Петер Бервиц подавлен и утомлен печальными событиями. Но сейчас он молодцевато сидит в седле, зная, что весь Гамбург любуется тем, как он ведет свою дружину, и уныние его точно рукой сняло. На тонконогом берберийском жеребце он чувствует себя вельможей, заставляет коня то пританцовывать, то подниматься на дыбы; одно движение шенкелей, и своенравное животное повинуется ему, а он изящным жестом снимает серый цилиндр и благодарит толпу за аплодисменты. Агнесса Бервиц, в черной амазонке, в маленьком цилиндре с вуалью, едет рядом с мужем, горделивая, приветливая — настоящая маркграфиня или герцогиня. За ними Вашек с Еленой, прекрасная пара элегантных наездников в ярко-красных охотничьих куртках — гости, отправляющиеся с хозяином на лисий гон. Следом — нескончаемая вереница наездников, наездниц и неоседланных лошадей. Позади шествуют великан Бинго, великан Али-Баба, великан Сингапур, великанша Фатьма, великан Юсуф, великан Саиб — шесть слонов, степенно переваливаясь с боку на бок, идут по городу, поглядывая маленькими глазками на зеленные лотки с грудами моркови и цветной капусты, на апельсины и арбузы в витринах фруктовых лавок. Люди смеются при виде двух крохотных, весело тявкающих терьеров, — собачки снуют под ногами у Бинго, резвятся меж движущихся колонн. Чудесный осенний день. Яркие краски костюмов играют на солнце, тонкий нюх животных улавливает носящийся в воздухе легкий запах дегтя и рыбы — запах зимнего стойбища, где их ждут уют и тепло благоустроенных конюшен.

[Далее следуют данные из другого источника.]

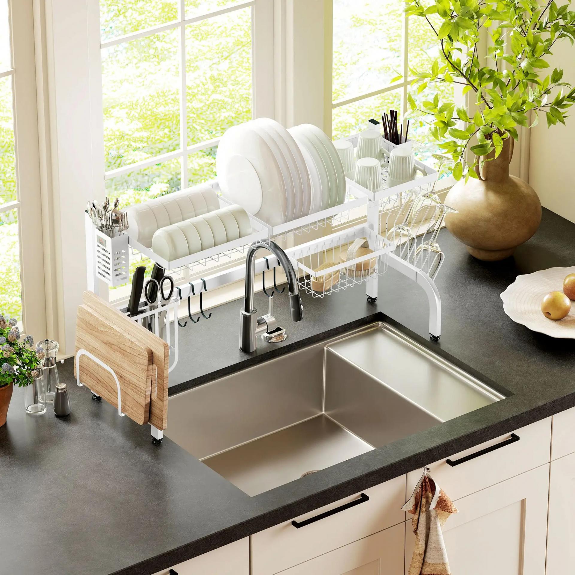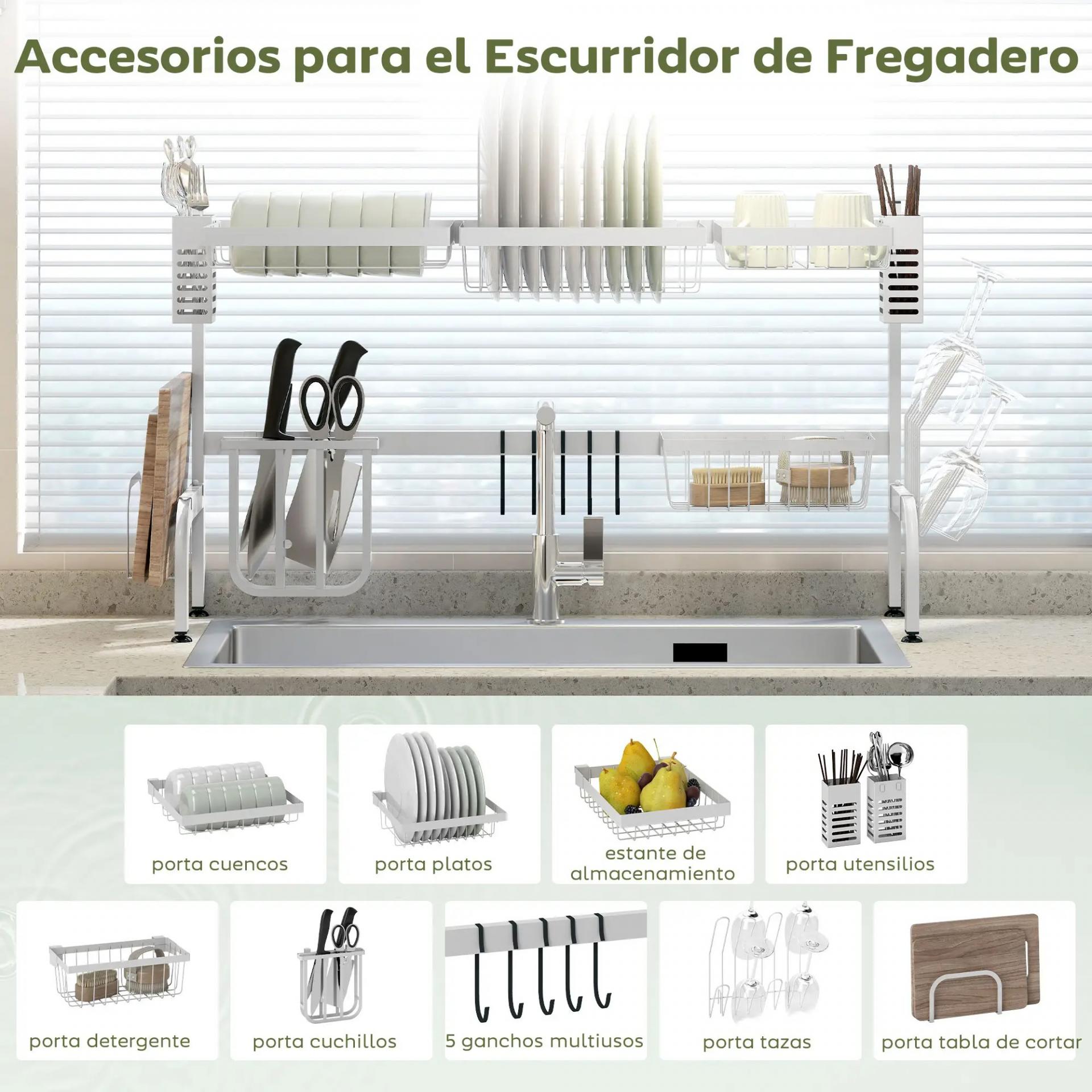 - - MULTIFUNCIONAL: No solo es un escurridor de platos para fregadero, sino que también dispone de espacio para escurrir tazones, cubiertos, cuchillos, vasos y tiene un soporte para la tabla de cortar y 5 ganchos. Ideal para una familia de 4 o más personas

Ворота, ведущие внутрь здания, распахиваются, и в их проеме вырастает фигура летнего смотрителя. Он стоит, приветствуя въезжающего директора. Бервиц соскакивает с коня и в три шага оказывается у входа в зал, в свой собственный зал. Манеж лежит перед ним, как желтый лоснящийся блин, опорные столбы обметены, пыль со стульев стерта, окна под куполом вымыты. Вечером можно начинать. А смотритель тут как тут — с докладом. Толкует о мелочах — разбито оконное стекло, заново окрашены двери, починена водосточная труба. Бервиц кивает головой — ладно, ладно; но вот он, вздрогнув, впивается в смотрителя колючим взглядом.
— Третьего дня, — все так же монотонно бубнит служака, — приходили два господина из магистрата, назвались строительной комиссией и сказали, что пришли делать осмотр зданию — надежно ли.
— И вы их впустили?! — зарычал Бервиц.
— Я сказал им, что хозяина нет, что без вас не могу впустить. А они свое — дескать, мы исполняем служебные обязанности, и никто не имеет права чинить нам препятствия; мол, сейчас они только осмотрят, а протокол составят после, когда вернется хозяин.
— Неслыханно!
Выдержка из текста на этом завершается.